Is Pseudomonas typically sensitive to Piperacillin-Tazobactam (Pip-Taz, piperacillin-tazobactam)?

From the Guidelines

Pseudomonas aeruginosa is generally sensitive to piperacillin-tazobactam (pip-tazo), making it an appropriate empiric choice for suspected Pseudomonas infections. Pip-tazo combines the extended-spectrum penicillin piperacillin with the beta-lactamase inhibitor tazobactam, providing good coverage against many Pseudomonas strains 1. However, resistance rates vary significantly by region and institution, with some hospitals reporting resistance rates of 10-20% or higher. For this reason, local antibiogram data should guide treatment decisions whenever possible. In critically ill patients or those with risk factors for resistant strains, combination therapy (adding an aminoglycoside or fluoroquinolone) may be considered initially until susceptibility results are available 1. The typical dosing for pip-tazo is 4.5g IV every 6-8 hours (adjusted for renal function), with extended infusions (over 3-4 hours) sometimes used to optimize efficacy against Pseudomonas.

Some key points to consider when using pip-tazo for Pseudomonas infections include:

• The importance of local antibiogram data in guiding treatment decisions 1
• The potential for resistance to develop during treatment, highlighting the need for regular monitoring of susceptibility patterns 1
• The consideration of combination therapy in critically ill patients or those with risk factors for resistant strains 1
• The use of alternative regimens, such as cefepime, imipenem, or meropenem, in patients with specific risk factors or allergies 1

Overall, pip-tazo remains a viable option for the treatment of Pseudomonas infections, but its use should be guided by local resistance patterns and patient-specific factors.

From the FDA Drug Label

Piperacillin and tazobactam has been shown to be active against most isolates of the following microorganisms, both in vitro and in clinical infections [see Indications and Usage (1)] Aerobic bacteria Gram-positive bacteria Staphylococcus aureus (methicillin susceptible isolates only) Gram-negative bacteria Acinetobacter baumannii Escherichia coli Haemophilus influenzae (excluding beta-lactamase negative, ampicillin-resistant isolates) Klebsiella pneumoniae Pseudomonas aeruginosa (given in combination with an aminoglycoside to which the isolate is susceptible)

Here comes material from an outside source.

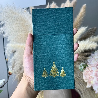 ผ้าเช็ดปากสีแดง เขียว สีทอง และสีขาวยังคงเป็นตัวเลือกคริสต์มาสสุดคลาสสิก การพิมพ์ที่ละเอียดอ่อนหรือส่วนเน้นแบบเมทัลลิกช่วยยกระดับความสวยงามในขณะที่ยังคงความประณีตเอาไว้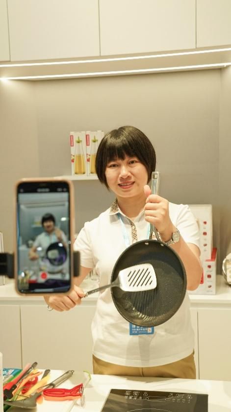 其中,最引人注意的是把直播间搬到了展会现场,主播们将产品体验与美食烹饪相结合,在分享烹饪技巧的同时适当加入产品知识的讲解,真实有趣且美食含量100%的硬核直播吸引了大量围观。

Pseudomonas aeruginosa is typically sensitive to piperacillin/tazobactam, but it should be given in combination with an aminoglycoside to which the isolate is susceptible 2.

From the Research

Sensitivity of Pseudomonas to Pip-Tazo

• Pseudomonas aeruginosa is a common gram-negative bacterium that can be resistant to various antibiotics, including imipenem 3.
• However, studies have shown that piperacillin/tazobactam can be effective against Pseudomonas aeruginosa, especially when the minimum inhibitory concentration (MIC) is low 3, 4.
• One study reported a case of a patient with severe pneumonia caused by imipenem-resistant Pseudomonas aeruginosa, which was successfully treated with piperacillin/tazobactam monotherapy 3.
• Another study compared the synergistic activities of piperacillin/tazobactam and cefepime when combined with gentamicin, ciprofloxacin, or levofloxacin against Pseudomonas aeruginosa, and found that all combinations were bactericidal 5.
• Extended-infusion dosing strategies for piperacillin/tazobactam have also been shown to improve clinical outcomes in patients with Pseudomonas aeruginosa infections 4, 6.
• A review of piperacillin/tazobactam's use in the treatment of bacterial infections found that it is effective against a broad spectrum of gram-positive and gram-negative aerobic and anaerobic bacteria, including Pseudomonas aeruginosa 7.

Factors Affecting Sensitivity

• The MIC of piperacillin/tazobactam is an important factor in determining its effectiveness against Pseudomonas aeruginosa 3, 4.
• The dosing strategy used can also impact the effectiveness of piperacillin/tazobactam, with extended-infusion dosing strategies showing improved clinical outcomes 4, 6.
• Combination therapy with other antibiotics, such as aminoglycosides, can also enhance the effectiveness of piperacillin/tazobactam against Pseudomonas aeruginosa 5, 7.